→ WORK REQUEST:
Reproduce, without alteration, every line of the data; exclude the images.
### SUPPLIED INFORMATION ###
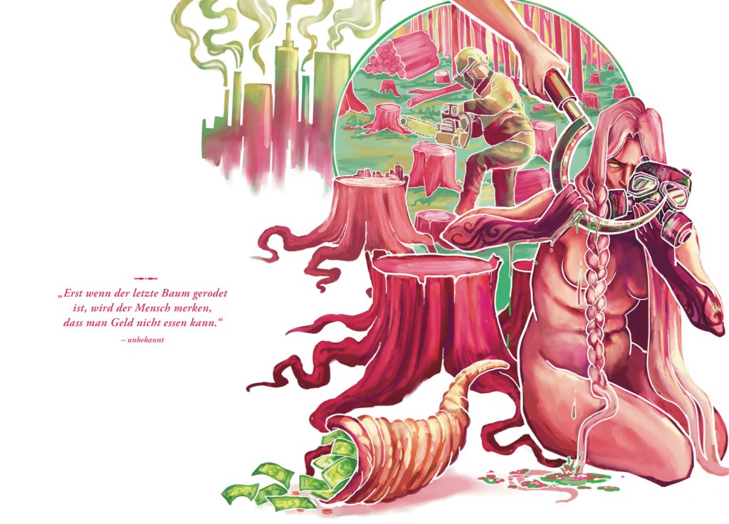 Ergänzt werden die Illustrationen durch erklärende Texte sowie poetische Passagen, die Pias persönliche Auseinandersetzung mit den jeweiligen Themen vermitteln und den Blick der Betrachter*innen erweitern sollen.
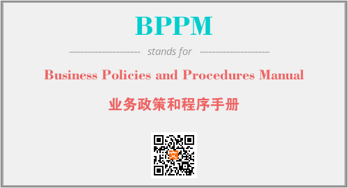 英文缩略词“BPPM”经常作为“Business Policies and Procedures Manual”的英文缩写来使用,中文表示:“业务政策和程序手册”。本文将详细介绍英文缩写词BPPM所代表英文单词,其对应的中文拼音、详细解释以及在英语中的流行度。此外,还有关于缩略词BPPM的分类、应用领域及相关应用示例等。
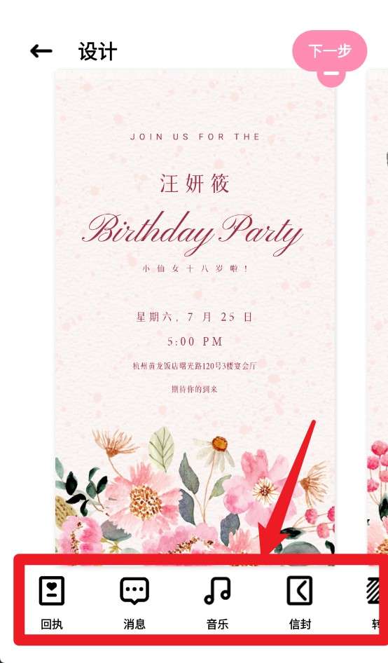 5、设计界面可添加音乐、留言、信封等互动内容,增强请柬表现力。
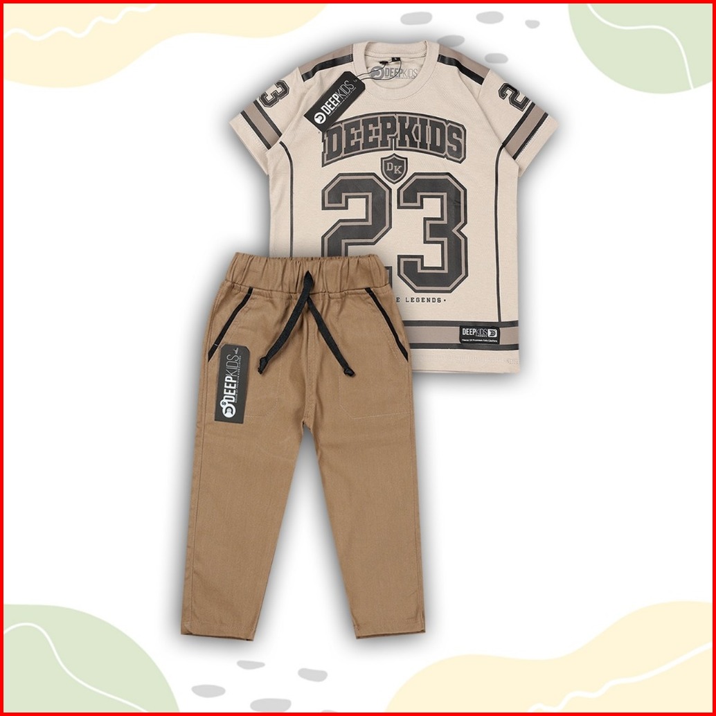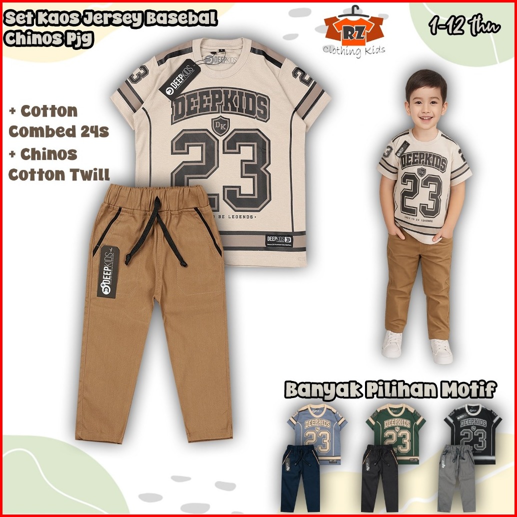 Setelan Anak Laki Laki Kaos Jersey Bahan Cotton Combed Dan Celana Cino Panjang Premium Usia 1 2 3 4 5 6 7 8 9 10 11 12 T
###
→ TASK RESULT:
 Ergänzt werden die Illustrationen durch erklärende Texte sowie poetische Passagen, die Pias persönliche Auseinandersetzung mit den jeweiligen Themen vermitteln und den Blick der Betrachter*innen erweitern sollen.
 英文缩略词“BPPM”经常作为“Business Policies and Procedures Manual”的英文缩写来使用,中文表示:“业务政策和程序手册”。本文将详细介绍英文缩写词BPPM所代表英文单词,其对应的中文拼音、详细解释以及在英语中的流行度。此外,还有关于缩略词BPPM的分类、应用领域及相关应用示例等。
 5、设计界面可添加音乐、留言、信封等互动内容,增强请柬表现力。
 Setelan Anak Laki Laki Kaos Jersey Bahan Cotton Combed Dan Celana Cino Panjang Premium Usia 1 2 3 4 5 6 7 8 9 10 11 12 T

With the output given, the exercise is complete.